首先，索引一个具有单个字段的文档，以便我们有一些数据可以使用

response = client.index(
  index: 'my-index-000001',
  id: 1,
  body: {
    my_field: 5
  }
)
puts response

PUT my-index-000001/_doc/1
{
  "my_field": 5
}

然后，我们可以构建一个对该字段进行操作的脚本，并在查询的一部分中运行评估该脚本。以下查询使用搜索 API 的 script_fields 参数来检索脚本评估结果。这里发生了很多事情，但我们将分解其组件以分别理解它们。现在，您只需要了解此脚本接受 my_field 并对其进行操作。

response = client.search(
  index: 'my-index-000001',
  body: {
    script_fields: {
      my_doubled_field: {
        script: {
          source: "doc['my_field'].value * params['multiplier']",
          params: {
            multiplier: 2
          }
        }
      }
    }
  }
)
puts response

GET my-index-000001/_search
{
  "script_fields": {
    "my_doubled_field": {
      "script": { 
        "source": "doc['my_field'].value * params['multiplier']", 
        "params": {
          "multiplier": 2
        }
      }
    }
  }
}

	`script` 对象
	`script` 源代码

该 script 是一个标准的 JSON 对象，它在 Elasticsearch 中大多数 API 下定义脚本。此对象需要 source 来定义脚本本身。该脚本没有指定语言，因此它默认为 Painless。

在脚本中使用参数编辑

Elasticsearch 第一次看到一个新脚本时，它会编译该脚本并将编译后的版本存储在缓存中。编译可能是一个繁重的过程。与其在脚本中硬编码值，不如将它们作为命名 params 传递。

例如，在前面的脚本中，我们可以简单地硬编码值并编写一个看似不太复杂的脚本。我们可以简单地检索 my_field 的第一个值，然后将其乘以 2

"source": "return doc['my_field'].value * 2"

虽然它有效，但此解决方案非常不灵活。我们必须修改脚本源代码以更改乘数，并且 Elasticsearch 必须在每次乘数更改时重新编译脚本。

与其硬编码值，不如使用命名 params 来使脚本灵活，并减少脚本运行时的编译时间。现在，您可以更改 multiplier 参数，而无需 Elasticsearch 重新编译脚本。

"source": "doc['my_field'].value * params['multiplier']",
"params": {
  "multiplier": 2
}

默认情况下，您最多可以每 5 分钟编译 150 个脚本。对于摄取上下文，默认脚本编译速率不受限制。

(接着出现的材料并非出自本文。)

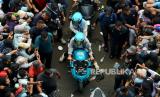 Cawpres nomor ururt 2 Gibran Rakabuming Raka didampingi istrinya Selvi Ananda mengendarai sepeda motor listrik tiba di kawasan Stadion Utama Gelora Bung Karno (SUGBK) saat gelaran kampanye akbar bertajuk Pesta Rakyat untuk Indonesia Maju di Jakarta, Sabtu (10/2/2024). (FOTO : Republika/Thoudy Badai)

script.context.field.max_compilations_rate=100/10m

如果您在短时间内编译了太多唯一的脚本，Elasticsearch 会使用 circuit_breaking_exception 错误拒绝新的动态脚本。

缩短您的脚本编辑

使用 Painless 本身的语法功能，您可以减少脚本中的冗长性并使其更短。这是一个我们可以使其更短的简单脚本

response = client.search(
  index: 'my-index-000001',
  body: {
    script_fields: {
      my_doubled_field: {
        script: {
          lang: 'painless',
          source: "doc['my_field'].value * params.get('multiplier');",
          params: {
            multiplier: 2
          }
        }
      }
    }
  }
)
puts response

GET my-index-000001/_search
{
  "script_fields": {
    "my_doubled_field": {
      "script": {
        "lang":   "painless",
        "source": "doc['my_field'].value * params.get('multiplier');",
        "params": {
          "multiplier": 2
        }
      }
    }
  }
}

让我们看一下脚本的缩短版本，看看它相对于之前的迭代有哪些改进

GET my-index-000001/_search
{
  "script_fields": {
    "my_doubled_field": {
      "script": {
        "source": "field('my_field').get(null) * params['multiplier']",
        "params": {
          "multiplier": 2
        }
      }
    }
  }
}

此版本的脚本删除了几个组件，并显着简化了语法

该 lang 声明。由于 Painless 是默认语言，因此如果您正在编写 Painless 脚本，则无需指定语言。
该 return 关键字。Painless 会自动使用脚本中的最后一个语句（如果可能）在需要返回值的脚本上下文中生成返回值。
该 get 方法，它被方括号 [] 替换。Painless 使用专门针对 Map 类型的快捷方式，允许我们使用方括号而不是更长的 get 方法。
该 source 语句末尾的分号。Painless 不需要块的最后一个语句的分号。但是，它在其他情况下需要它们来消除歧义。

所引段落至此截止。